Bauman: “Stiamo camminando su un campo minato, ma non sappiamo dove e quando ci sarà l’esplosione”

Ha coniato la frase “paura liquida” riferendosi a quella sensazione tangibile di ansia profondamente presente nelle nostre vite, nonostante il comfort e la sicurezza dell’Occidente. Un’espressione oggi più che mai attuale, che spiega il malessere contemporaneo.

Uno dei sociologi e filosofi più importanti del nostro tempo, Zygmunt Bauman, interviene nel dibattito internazionale dalle pagine di Al Jazeera.

Con “paura liquida” si intende, secondo Bauman, la paura che scorre nelle nostre vite, che non sta in un posto specifico, ma è diffusa. E il problema è che a differenza del pericolo specifico e concreto, che si conosce e con cui si ha familiarità, è che non si sa dove colpirà.

Stiamo camminando, questa è mia metafora preferita, su un campo minato. Siamo consapevoli che il campo è pieno di esplosivi, ma non possiamo dire dove e quando ci sarà un’esplosione. Non ci sono strutture solide su cui possiamo contare, su cui possiamo investire le nostre speranze e aspettative. Anche i governi più potenti, molto spesso, non sono in grado di mantenere le loro promesse. Non hanno abbastanza potere per farlo”.

“Ad ogni livello della vita umana, si ha la stessa situazione. L’incertezza”, dice.

bauman

I pericoli sono sempre esistiti, sostiene Bauman, ma oggi le cose sono diverse. Viviamo in uno stato di “incertezza continua, che ci fa paura”.

Bauman commenta anche la proliferazione di politici populisti. Nel rispondere perché Donald Trump abbia accumulato un tale seguito, Bauman dice: “Ci sono due valori fondamentali senza i quali la vita umana è semplicemente inconcepibile. Uno è la sicurezza, sentirsi al sicuro. L’altra è la libertà, la capacità di auto-affermarsi, di fare quello che tu realmente vuoi fare, e così via. Sono entrambe necessarie. La sicurezza senza la libertà è schiavitù. La libertà senza la sicurezza è completo caos in cui sei perso, abbandonato, non sai cosa fare.

“Perciò tu hai bisogno dell’una e dell’altra. Siamo incredibilmente più liberi rispetto ai nostri nonni o bisnonni. Ma abbiamo pagato il prezzo. Abbiamo dovuto scambiarlo con la sicurezza“.

Ora, dice, “le persone si trovano a disagio, persi, incapaci di agire con certezza. Quello che sta succedendo oggi, credo, sia la curva del pendolo. Tra le altre cose, significa Donald Trump. Donald Trump è alla ribalta perché chi lo sa, magari futuro presidente degli Stati Uniti. Tuttavia si vede lo stesso andamento in quasi tutti gli altri paesi.”
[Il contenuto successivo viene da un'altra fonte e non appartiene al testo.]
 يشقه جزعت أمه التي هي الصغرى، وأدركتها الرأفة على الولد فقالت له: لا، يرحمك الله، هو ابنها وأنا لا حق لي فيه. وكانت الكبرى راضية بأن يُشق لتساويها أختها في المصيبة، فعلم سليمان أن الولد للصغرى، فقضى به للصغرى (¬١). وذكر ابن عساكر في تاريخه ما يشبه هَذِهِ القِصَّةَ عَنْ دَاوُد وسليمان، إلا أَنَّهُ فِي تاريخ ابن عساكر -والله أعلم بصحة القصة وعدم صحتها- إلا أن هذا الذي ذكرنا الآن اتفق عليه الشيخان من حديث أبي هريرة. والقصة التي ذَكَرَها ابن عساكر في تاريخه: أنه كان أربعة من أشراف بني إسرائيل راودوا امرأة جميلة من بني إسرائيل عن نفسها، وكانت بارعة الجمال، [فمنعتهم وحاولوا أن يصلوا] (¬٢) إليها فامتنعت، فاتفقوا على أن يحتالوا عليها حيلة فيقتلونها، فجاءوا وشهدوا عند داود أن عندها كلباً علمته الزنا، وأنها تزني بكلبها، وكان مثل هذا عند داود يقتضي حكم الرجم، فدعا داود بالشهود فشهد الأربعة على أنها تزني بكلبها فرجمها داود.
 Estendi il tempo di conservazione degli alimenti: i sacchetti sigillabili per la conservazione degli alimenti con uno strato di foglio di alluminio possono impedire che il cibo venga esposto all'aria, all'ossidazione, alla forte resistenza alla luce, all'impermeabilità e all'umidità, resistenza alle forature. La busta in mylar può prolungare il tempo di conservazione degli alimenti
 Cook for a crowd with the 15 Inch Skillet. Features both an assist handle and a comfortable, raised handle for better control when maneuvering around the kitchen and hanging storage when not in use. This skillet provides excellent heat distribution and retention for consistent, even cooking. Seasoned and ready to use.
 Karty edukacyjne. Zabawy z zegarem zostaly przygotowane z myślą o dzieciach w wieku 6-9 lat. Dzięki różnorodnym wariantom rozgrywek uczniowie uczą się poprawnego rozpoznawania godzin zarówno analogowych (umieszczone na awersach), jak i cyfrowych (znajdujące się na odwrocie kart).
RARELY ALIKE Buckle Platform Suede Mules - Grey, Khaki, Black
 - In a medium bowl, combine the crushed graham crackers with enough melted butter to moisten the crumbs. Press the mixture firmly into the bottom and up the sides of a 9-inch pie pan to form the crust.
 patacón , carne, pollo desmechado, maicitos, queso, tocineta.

Sempre più spesso, dice Bauman, la gente cerca politici che sappiano affermare: “Dammi il potere e mi prenderò la responsabilità per il futuro”. Secondo Bauman, questi leader stanno capitalizzando sul sentimento che “la democrazia è molto forte sulla sua bocca, ma non nelle sue azioni”.

Il ricordo del totalitarismo è svanito nelle generazioni più giovani, dice, e nella fase attuale significa che molte persone accettano la retorica di politici come Trump.
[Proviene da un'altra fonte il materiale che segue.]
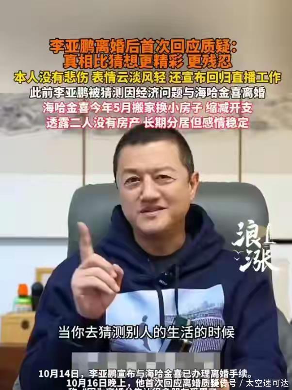 “猜想永远不如真相更精彩或残忍!”李亚鹏的回应刚出,就把离婚风波的讨论引向了新方向。10月16日,官宣离婚仅两天的他,在直播间预热视频里首度回应质疑,没有哭诉也没辩解,却用一句话点醒了无数追着八卦的人。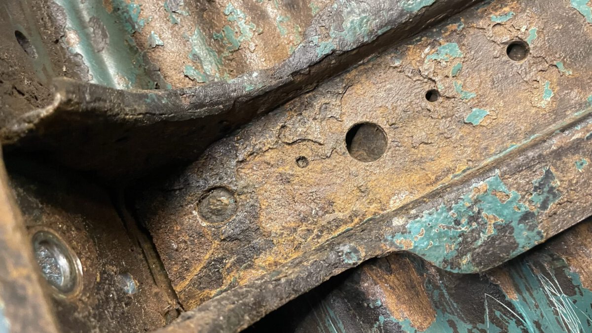 Als das alles ab war lag der hintere Unterboden endlich frei. Und was soll ich sagen, sah im ersten Moment schlimmer aus als es war. Nach dem Entrosten waren keine Löcher im Blech. Da war ich schon mal beruhigt.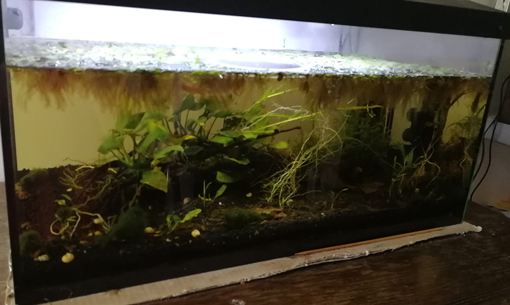 Bon, cyanobactéries sur les parois, algues pinceaux envahissant les Anubia, une des femelles Aphyosemion est morte sans que je sache pourquoi après s'être cachée pendant 2 semaines, l'autre se cache aussi donc pas bon signe non plus... Je vais vérifier les paramètres et faire un gros entretien. Ce qui est sûr, c'est que j'arrête l'aquariophilie, je ne suis décidément pas faite pour ça. Je vais juste me contenter de maintenir autant que je peux les vivants restants, mais quand ils finiront leur vie, je donnerais ou vendrais les plantes et le matériel.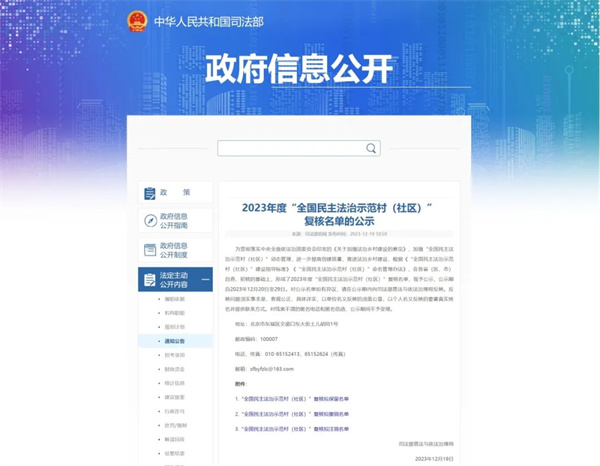 为贯彻落实中央全面依法治国委员会印发的《关于加强法治乡村建设的意见》,加强“全国民主法治示范村(社区)”动态管理,进一步提高创建质量,推进法治乡村建设,根据《“全国民主法治示范村(社区)”建设指导标准》《“全国民主法治示范村(社区)”命名管理办法》,在各省(区、市)自查、初核的基础上,形成了2023年度“全国民主法治示范村(社区)”复核名单,现予公示,公示期自2023年12月20日至29日。对公示名单如有异议,请在公示期内向司法部普法与依法治理局反映。反映问题须实事求是、客观公正、具体详实,以单位名义反映的须盖公章,以个人名义反映的要署真实姓名并提供联系方式。对线索不清的匿名电话和匿名信函,公示期间不予受理。

Poi affronta la più grande incertezza nel nostro tempo: i profughi in fuga dalle guerre alla ricerca di una nuova vita da costruire in Europa.

Secondo Bauman c’è una “spiegazione psicologica” a quella che si ritiene essere una reazione nervosa dell’Europa ai profughi. “Queste persone che stanno arrivando ora come rifugiati non fanno parte di quelle persone che soffrono la fame, senza pane e acqua. Sono persone che ieri erano orgogliose delle loro case,  della loro posizione nella società, spesso ben educate, e così via. Ma ora sono rifugiati …”.

Rifugiati, dice, che “incarnano tutte le nostre paure” di perdere tutto. “Ieri erano molto potenti nel loro paese, come lo siamo oggi noi in Europa”.

Credo che lo shock sia solo all’inizio“, dice Bauman.

Le possibilità di ospitalità non sono illimitate e la capacità umana di sopportare le loro sofferenze non è illimitata. Quindi dobbiamo esercitare quella che è chiamata empatia, ma, e questo è un grande ma, purtroppo, non vi è alcuna scorciatoia. Il dialogo è un lungo, lungo processo. Richiede un po’ di tempo, un’intera generazione, anche più di una generazione, quindi dobbiamo prepararci per un periodo molto difficile in arrivo“.